48. Knowing what customers want through surveys, focus groups, and interviews is good at incremental improvement, but not effective at creating the next thing.
49. A tunnel-vision chasing of profit margin should be moderated with long term expectations.
50. The difficulty of predicting emerging markets means an established company can’t justify the investment. Consequently, they usually miss out on disruptive technologies and the emerging market that comes with it.
51. Sometimes firms are too inflexible with its Resources/Processes/Values (RPV) framework to adapt to changing conditions.
52. Theoretical models for innovation rarely work in the real world.
53. Disruptive innovations are usually variations on existing technologies that open up a new customer base.

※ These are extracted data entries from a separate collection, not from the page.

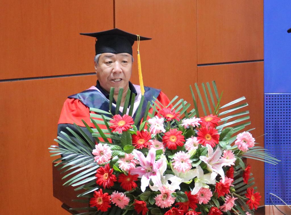 校党委副书记高云峰研究员发表了引人深思、催人奋进的致辞。高云峰书记在致辞中,围绕硕士研究生戴上硕士帽就不能贫乏、平凡和平庸展开,就毕业生今后如何才能不平凡和不平庸分享了自己的人生经验,为即将走向社会的毕业生上了生动一课。
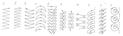 Рис. 7. Основные виды траекторий поперечных движений конца электрода при слабом (а, б), усиленном (в – ж) прогреве свариваемых кромок, усиленном прогреве одной кромки (з, и), прогреве корня шва (к)
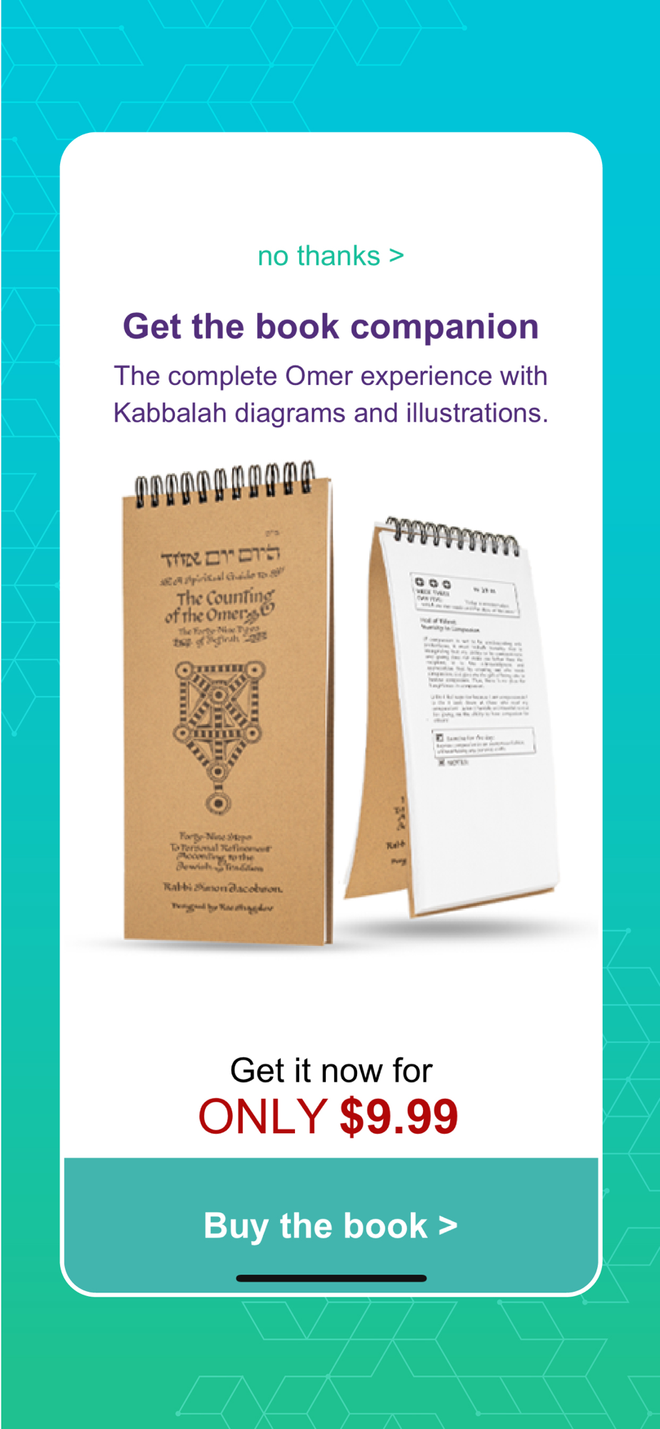 ABOUT: Take advantage of this powerful span of time to explore your psyche, refine your life and elevate your soul. The spectrum of human emotions divide into 49 different attributes, each one corresponding to one day in this 49-day period. Unlike other Omer counters, The My Omer app is the first of its kind to provide daily meditations and exercises to enhance your life and personal relationships based on thousands-of-years of Kabbalistic wisdom.
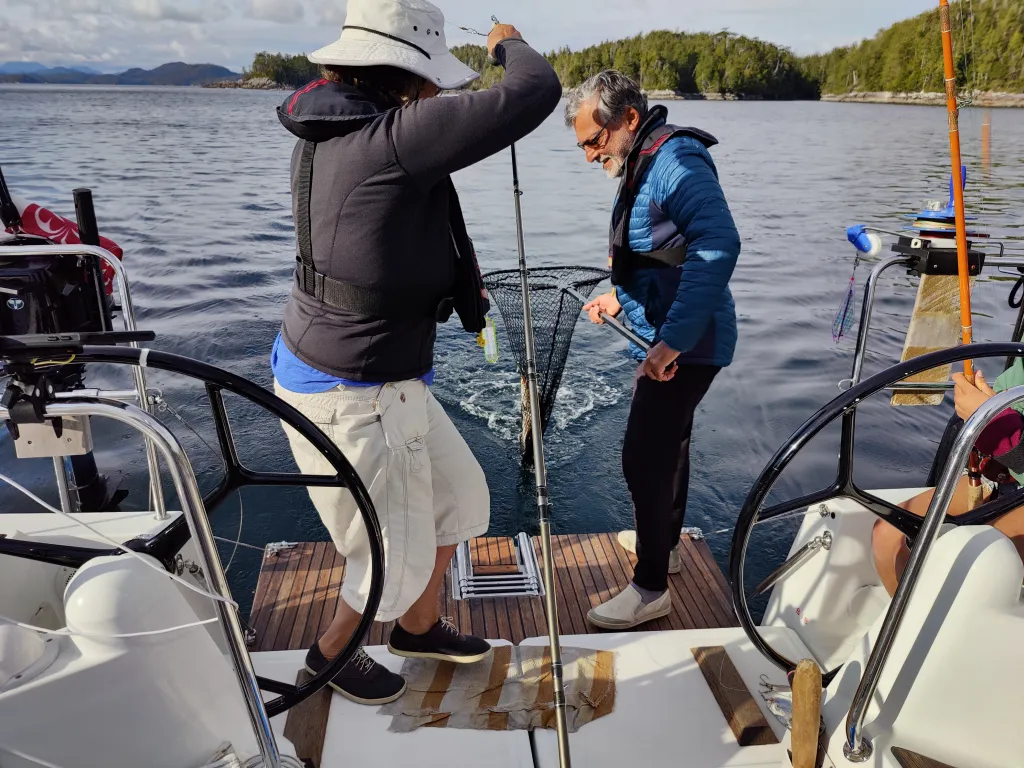 Cruising each and every summer for the last 8 year or so out of Vancouver, Linda and Murat head north when the weather is nice then go around the outside of Vancouver Island to wrap off a summer lap of cruising and fishing. Yes, fishing. This is a major focus of their time on the boat and something we are interested in but know nothing about. Having been up the central and north coast as well as down the outside it was great to get a lot of recommendations and advise on where to go and what to see and what to worry about. Our charts are now littered with anchorages not in any guide books given to us by them.
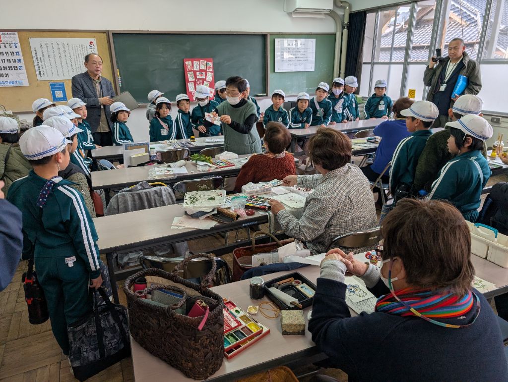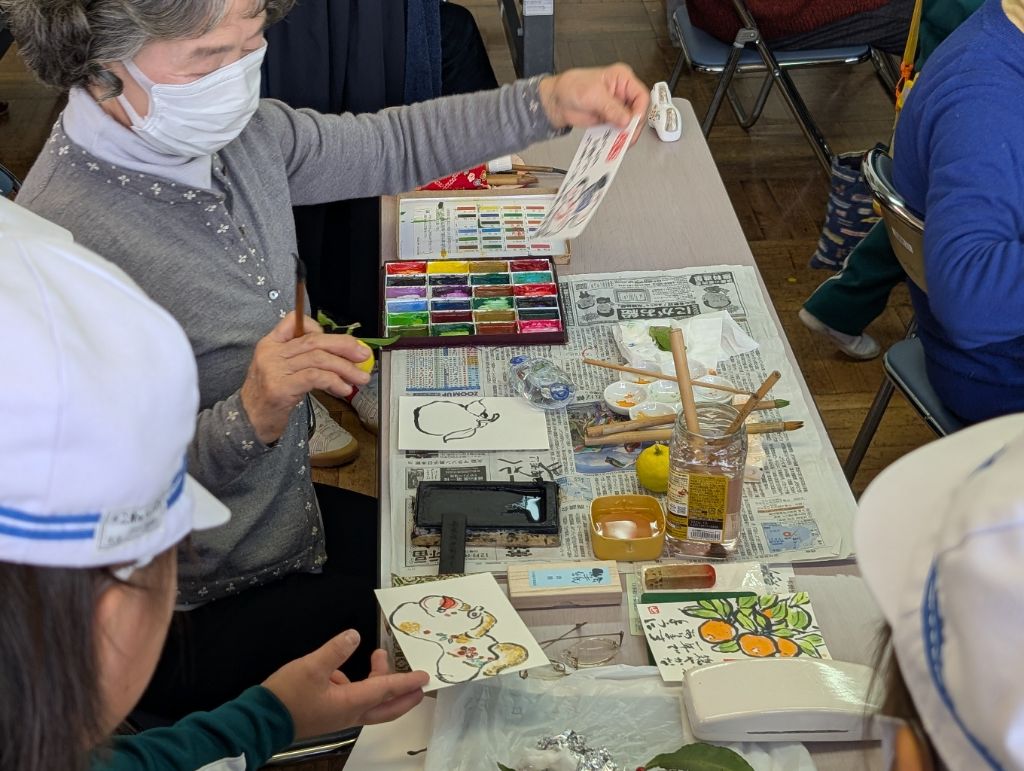 絵手紙サークルの見学では、年賀状の絵手紙の絵を描いているのをみることができ、手作りの年賀状で、絵をたいへん上手に描いている様子を見学し、小学生の皆さんも描いてみたくなったようです。
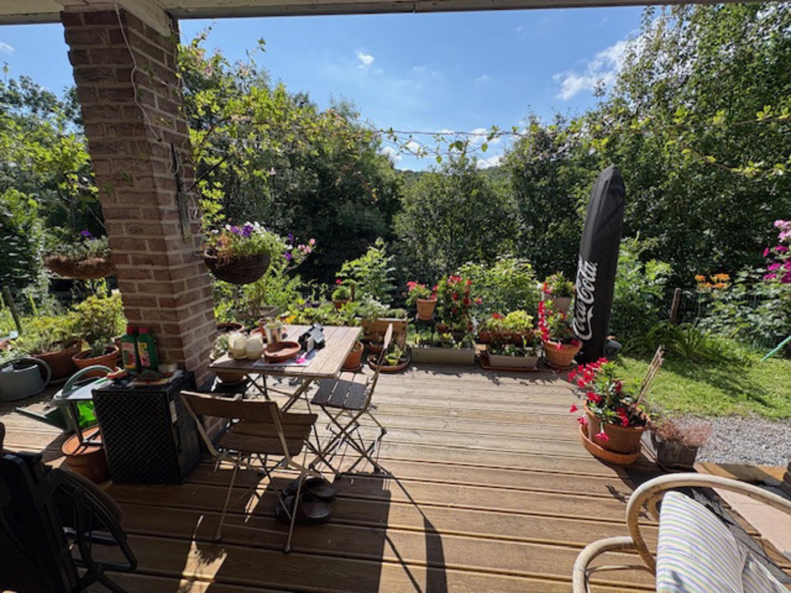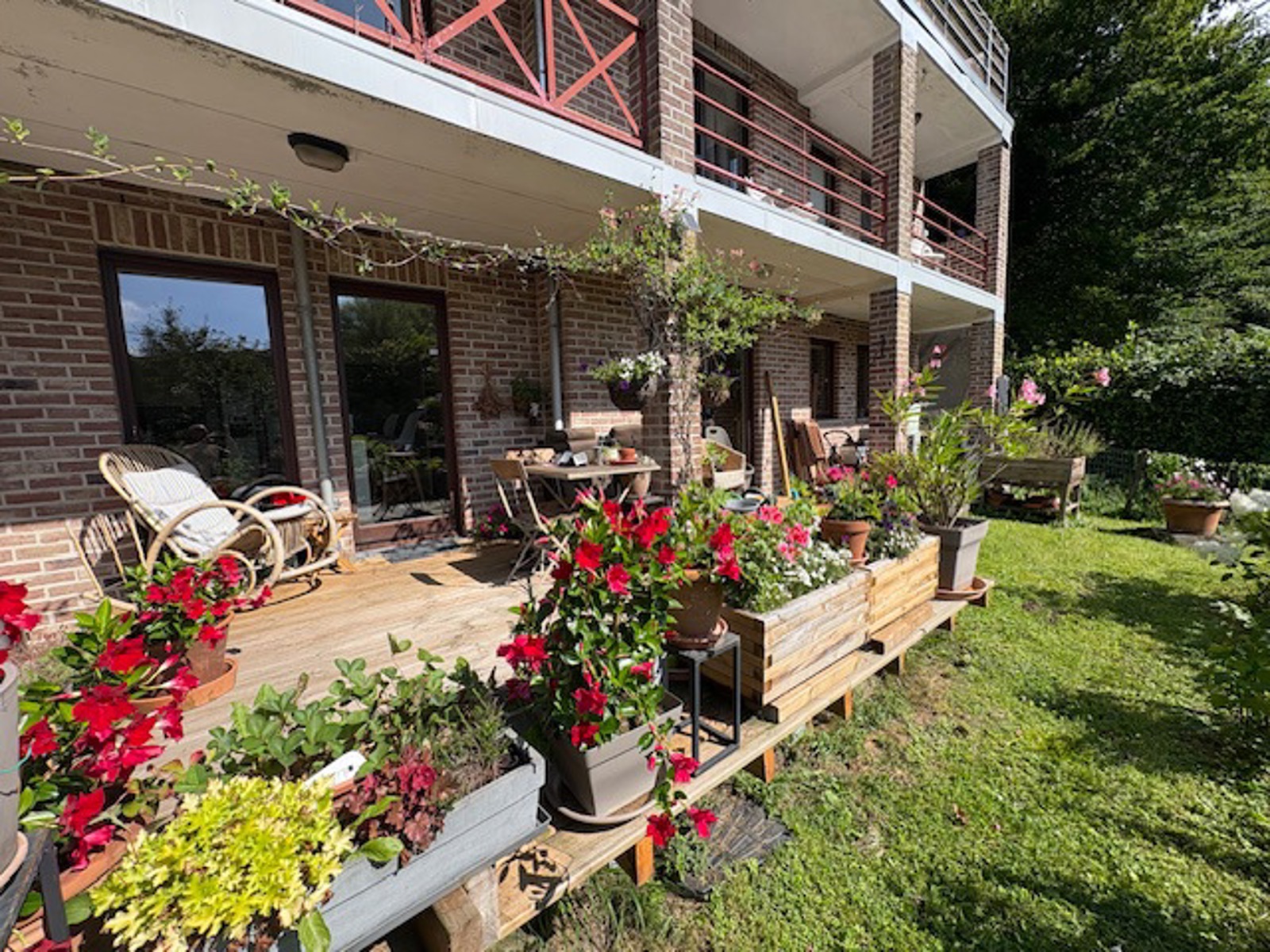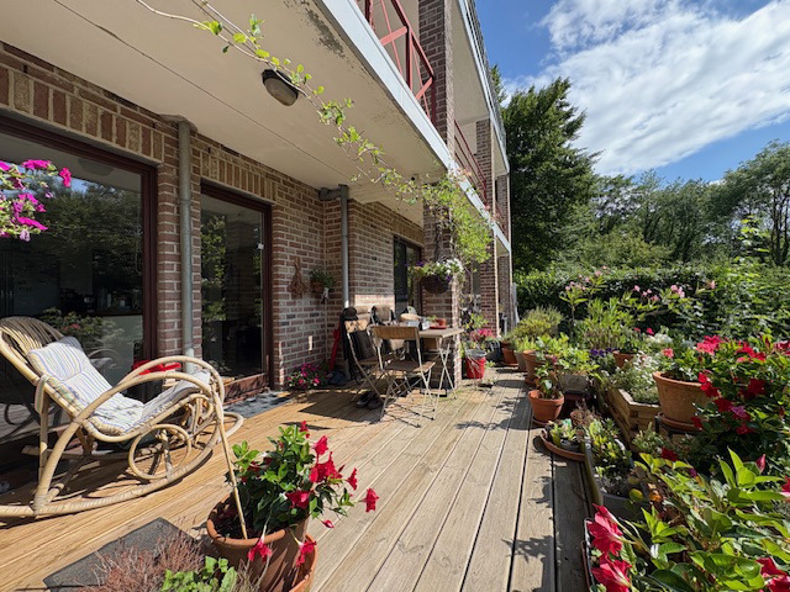La terrasse et le jardin longent l'appartement avec accès par les portes vitrées.
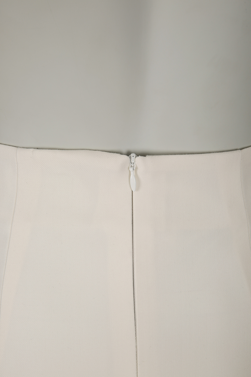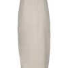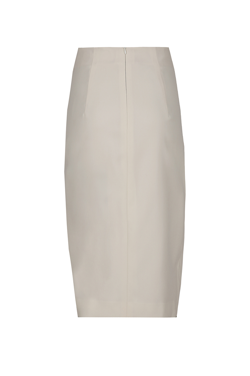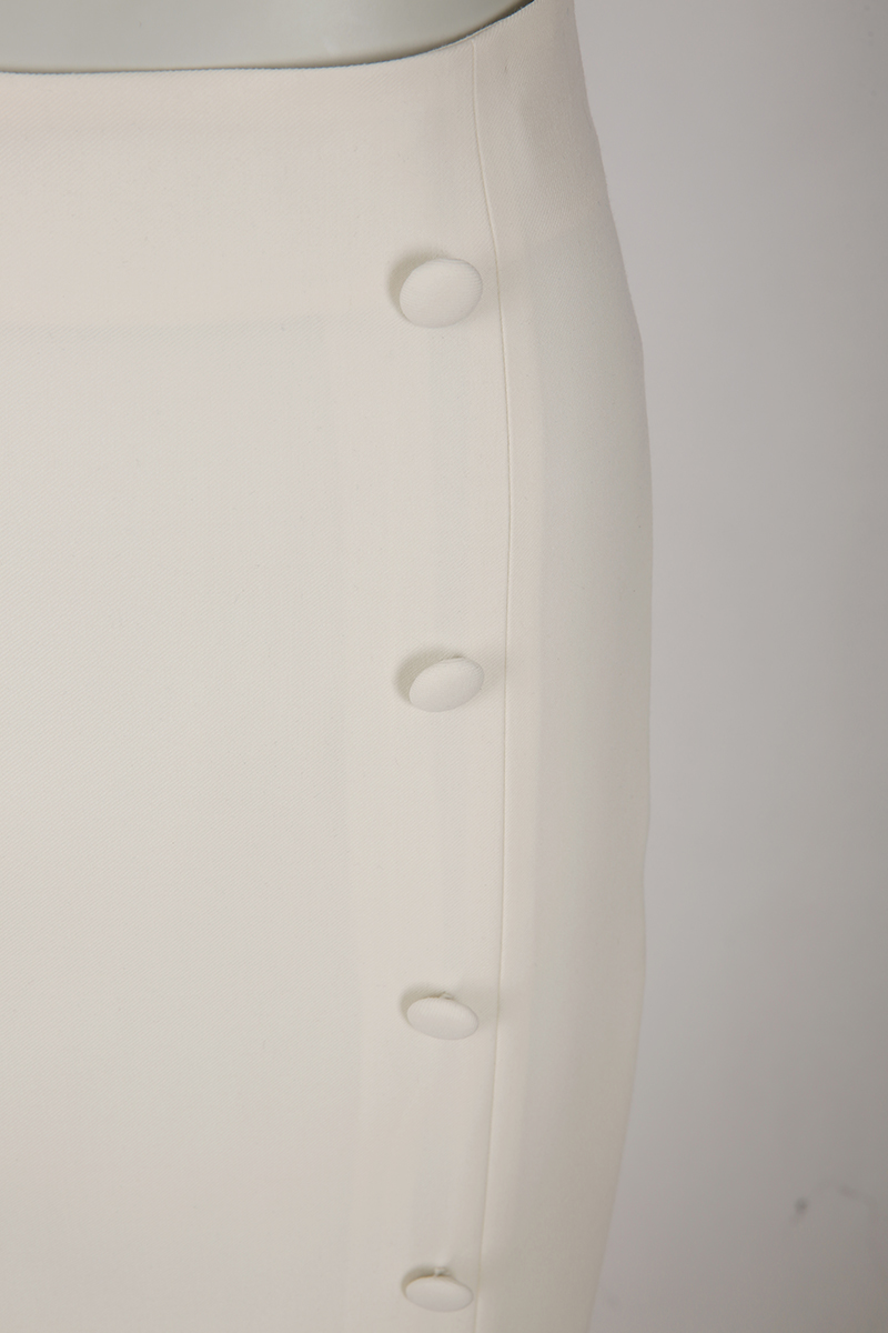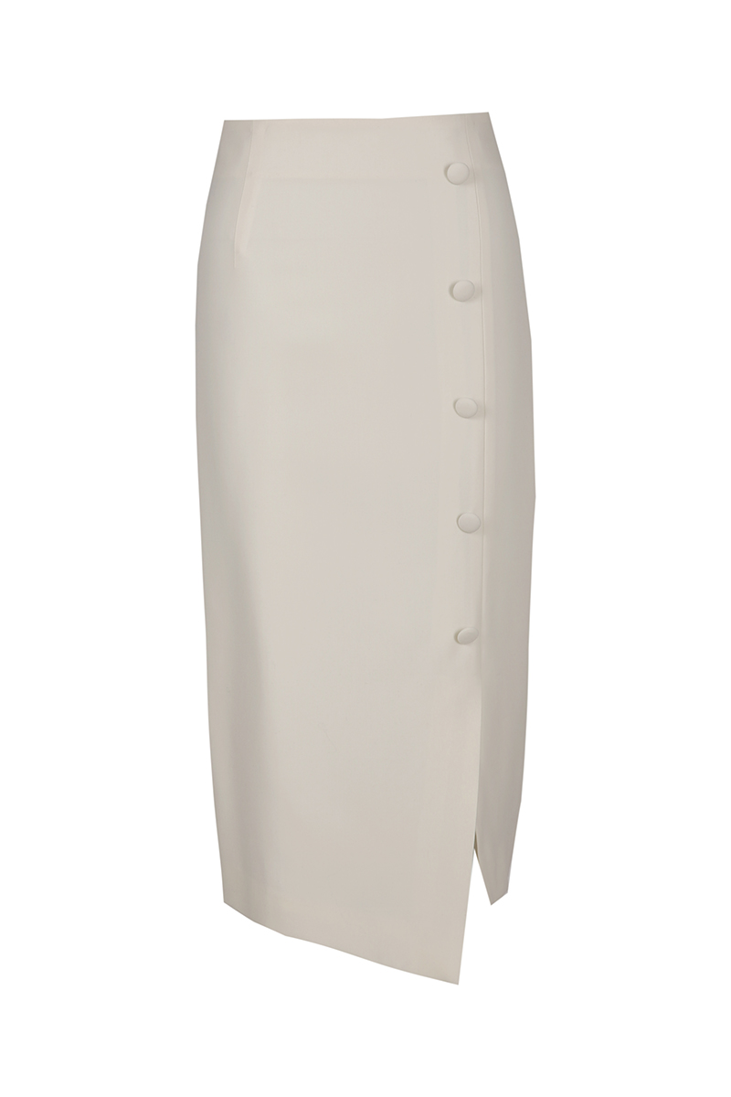 Falda larga de tubo con diseño irregular, bajo asimétrico y detalle de cinco botones en la parte delantera.

54. The best way for an established company to take advantage of a disruptive technology is to create or acquire an organization that is small but utilizes flexible processes.
6. The Lean Startup (by Eric Ries)
55. Focus the whole team on finding a sustainable business model. The faster the model is found, the likelier the start-up is to succeed.
56. Learn through a scientific approach, constantly validating your findings.
57. Validate your hypotheses by speaking with real customers.
58. Move from believing to knowing by testing the value and growth hypotheses of your product.
59. Test the demand of your product by building a minimal viable product.
60. Establishing the build-measure-learn cycle as fast as possible will get you to your sustainable business model quickly.
61. Split-test all your features to distinguish what would be valuable to your customers and what would be a waste of time.
62. Pick an engine of growth (sticky, viral, or paid) and focus.
63. You must examine the right metric, not superficial metrics that don’t help you towards your goal.
64. Traditional strategies cannot manage start-ups because start-ups lack a history.
65. Don’t be afraid of pivoting your fundamental core assumptions.
66. The main goal for a start-up is to find and build a sustainable business model.
67. Value hypothesis assumes early adopters will accept a product.
68. Growth hypothesis assumes a product will appeal to a larger group of people later.